As in recent neural multi-view shape estimation frameworks such as NeRF,
SIREN and inverse graphics approaches to multi-view photometric stereo (e.g.
PS-NeRF) we formulate shape estimation task as learning of a differentiable
surface and texture representation by minimising surface normal discrepancy for
normals estimated from multiple varying light images for two views as well as
discrepancy between rendered surface intensity and observed images.
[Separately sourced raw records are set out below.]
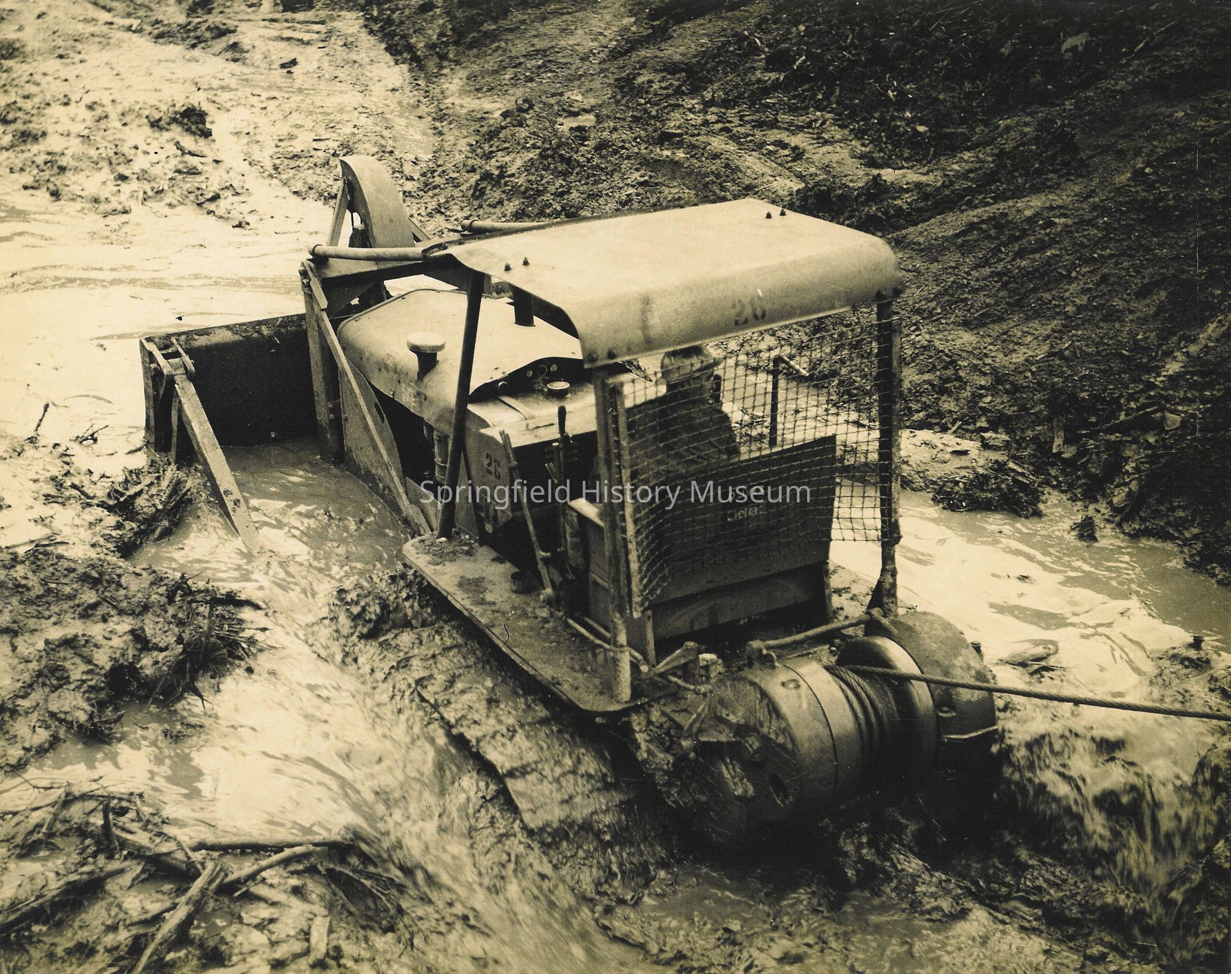 Cougar dam construction, small cat in deep mud. circa 1956.
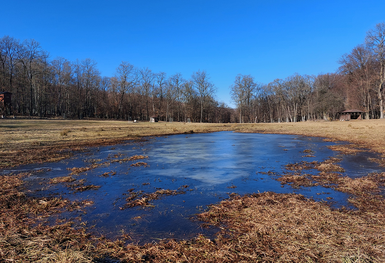 V podstate modrá turistická značka z Tlmáč cez Uhliská až na Havránkovu lúku, potom zostup do Žarnovice po červenej. Jednoduché, prehľadné, výborne značené – najmä to je dosť dôležitý fakt, pretože chodník tu na mnohých miestach neexistuje a keby neboli značky na „každom druhom“ strome, bola by to niekde aj taká menšia motanica. Najmä takto na prelome neskutočne suchého januára a februára, absolútne bez snehu, zato s našuchorenou vrstvou lístia, ktorá úspešne maskovala nielen chodník (ak tam niekde vôbec je), ale aj obvyklý lesný bordel v podobe kameňov a konárov. S parametrami 42 km / 1900 v.m. by to bolo aj dobré na „zrýchlený presun“, lebo je tam veľa zaujímavých a pekných miest, medzi ktorými sú dlhé a monotónne úseky hospodárskymi lesmi. Lenže kvôli spomenutým dôvodom som bol niekedy rád aj za rýchlejšiu chôdzu. Aj tak mi dobre členky povykrúcalo. V lete by som tam nešiel ani za nič, zato jar a jeseň sú na prechádzku v tomto kraji ideálne. Teraz? Prvá februárová noc bola jasná, takže zvážnicové blatá parádne schrumkaveli a v tieňoch sa také držali celý deň, to bolo super. Deň tiež jasný, s teplotami na dlhé tričko, takže počasie ideál. Aj smer je lepší takýto, z juhu na sever, to nízke slnko som mal pri neskoršom štarte väčšinou do chrbta. Takto to celé vyzeralo:
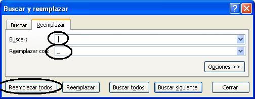 Como susttuir espacios en blanco de nombres completos en Excel
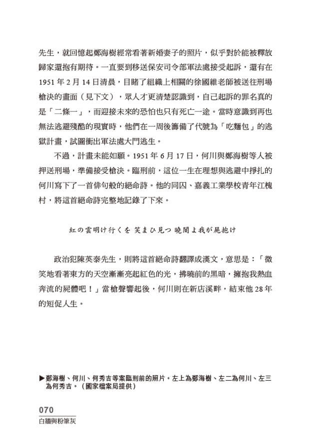 誠摯希望本書能成為教育工作者「就地取材」的索引,您若找到自己感興趣的「線頭」,搭配大量開放的政治檔案,及仍有機會持續出土的記憶見證,就有機會讓長年沉默於公共記憶的白色歷史,重新成為當代探索、對話、思考的一面鏡子。
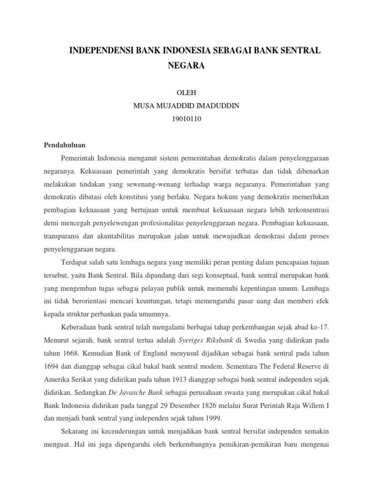 Bank indonesia sebagai bank sentral. Presiden Soekarno menerbitkan surat keputusan peresmian Bank ... Babak baru dalam sejarah Bank Indonesia sebagai Bank Sentral yang independen dalam melaksanakan tugas dan wewenangnya dimulai ketika sebuah undang-undang baru, yait u UU No. 23/1999 tentang Bank Indonesia, dinyatakan berlaku pada tanggal 17 Mei 1999 dan sebagaimana telah diubah dengan Undang-Undang Republik Indonesia No. 6/ 2009. Academia.edu is a platform for academics to share research papers. Bank Indonesia Bank Indonesia adalah bank sentral independen dalam melaksanakan tugas dan wewenangnya sejak saat undang-undang baru, yaitu Undang [1]Undang No 23/1999 tentang Bank Indonesia, mulai berlaku pada tanggal 17 Mei 1999 dan diamandemen oleh hukum Republik Indonesia. 6/2009.

Our method
differs from typical multi-view shape estimation approaches in two key ways.
First, our surface is represented not as a volume but as a neural heightmap
where heights of points on a surface are computed by a deep neural network.
Second, instead of predicting an average intensity as PS-NeRF or introducing
lambertian material assumptions as Guo et al., we use a learnt BRDF and perform
near-field per point intensity rendering.
Our method achieves the state-of-the-art performance on the DiLiGenT-MV
dataset adapted to binocular stereo setup as well as a new binocular
photometric stereo dataset - LUCES-ST.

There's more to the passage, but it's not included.